**What the task asks:** For this listing, the lines between the one holding "Troy Innocent设" and the one holding "Material: High-grade lightweight", inclusive, must be set down exactly.

**Records for the task:**
---+---

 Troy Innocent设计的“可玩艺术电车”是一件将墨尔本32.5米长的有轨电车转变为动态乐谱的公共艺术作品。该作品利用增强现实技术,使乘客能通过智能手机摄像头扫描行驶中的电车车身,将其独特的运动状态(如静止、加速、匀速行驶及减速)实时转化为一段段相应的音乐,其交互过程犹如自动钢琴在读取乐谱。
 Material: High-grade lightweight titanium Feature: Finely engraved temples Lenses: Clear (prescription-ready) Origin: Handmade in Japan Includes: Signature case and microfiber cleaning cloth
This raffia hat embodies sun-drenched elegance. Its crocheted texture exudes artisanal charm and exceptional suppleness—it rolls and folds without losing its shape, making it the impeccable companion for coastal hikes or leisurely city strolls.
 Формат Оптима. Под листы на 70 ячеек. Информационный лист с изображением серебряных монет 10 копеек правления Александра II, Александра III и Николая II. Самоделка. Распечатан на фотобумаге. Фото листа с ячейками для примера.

---+---

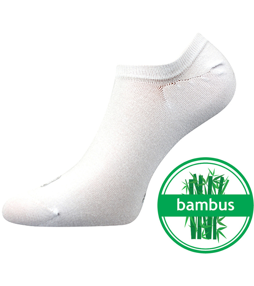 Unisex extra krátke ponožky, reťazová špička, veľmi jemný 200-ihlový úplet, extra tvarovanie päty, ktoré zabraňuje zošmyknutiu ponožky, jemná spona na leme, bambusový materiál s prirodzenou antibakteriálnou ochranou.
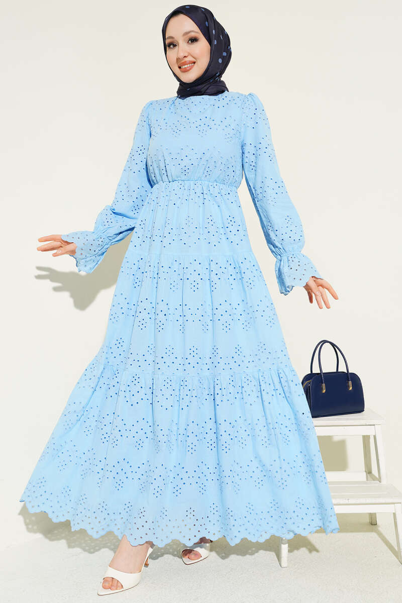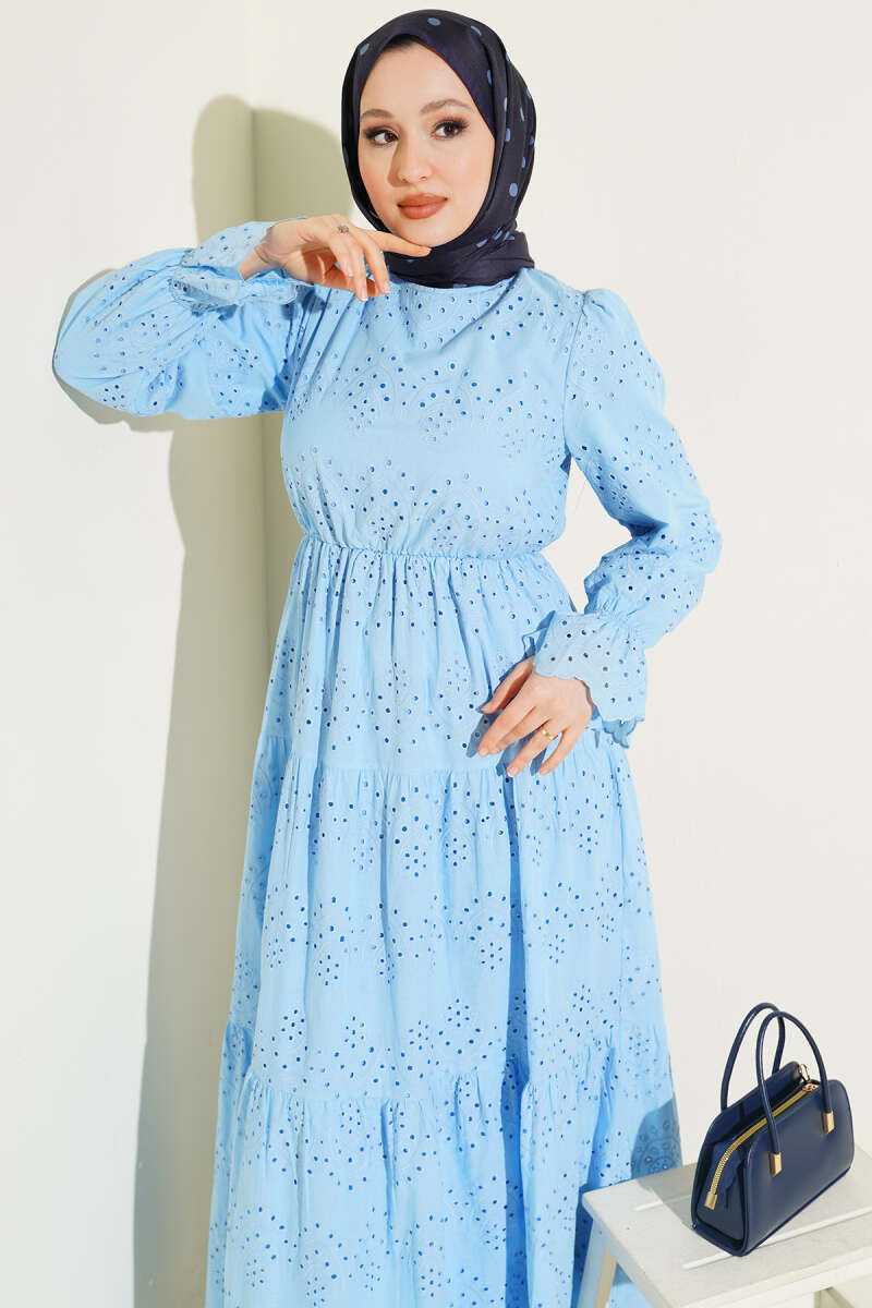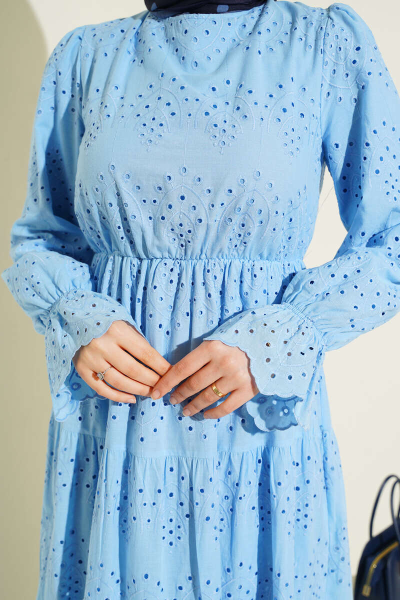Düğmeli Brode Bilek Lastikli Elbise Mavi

---+---

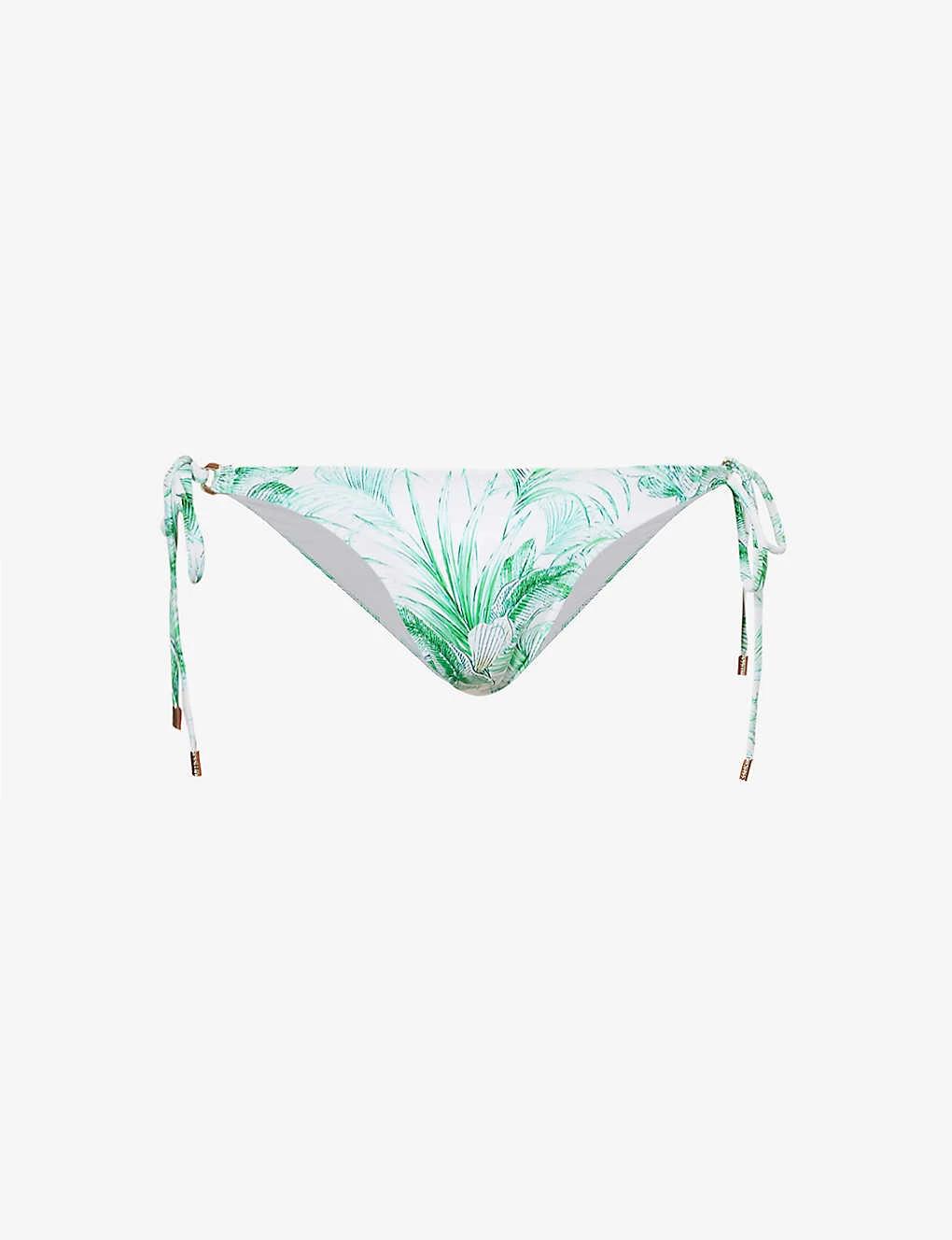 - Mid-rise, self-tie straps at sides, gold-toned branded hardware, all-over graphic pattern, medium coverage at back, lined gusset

---+---

**Task answer:**
 Troy Innocent设计的“可玩艺术电车”是一件将墨尔本32.5米长的有轨电车转变为动态乐谱的公共艺术作品。该作品利用增强现实技术,使乘客能通过智能手机摄像头扫描行驶中的电车车身,将其独特的运动状态(如静止、加速、匀速行驶及减速)实时转化为一段段相应的音乐,其交互过程犹如自动钢琴在读取乐谱。
 Material: High-grade lightweight titanium Feature: Finely engraved temples Lenses: Clear (prescription-ready) Origin: Handmade in Japan Includes: Signature case and microfiber cleaning cloth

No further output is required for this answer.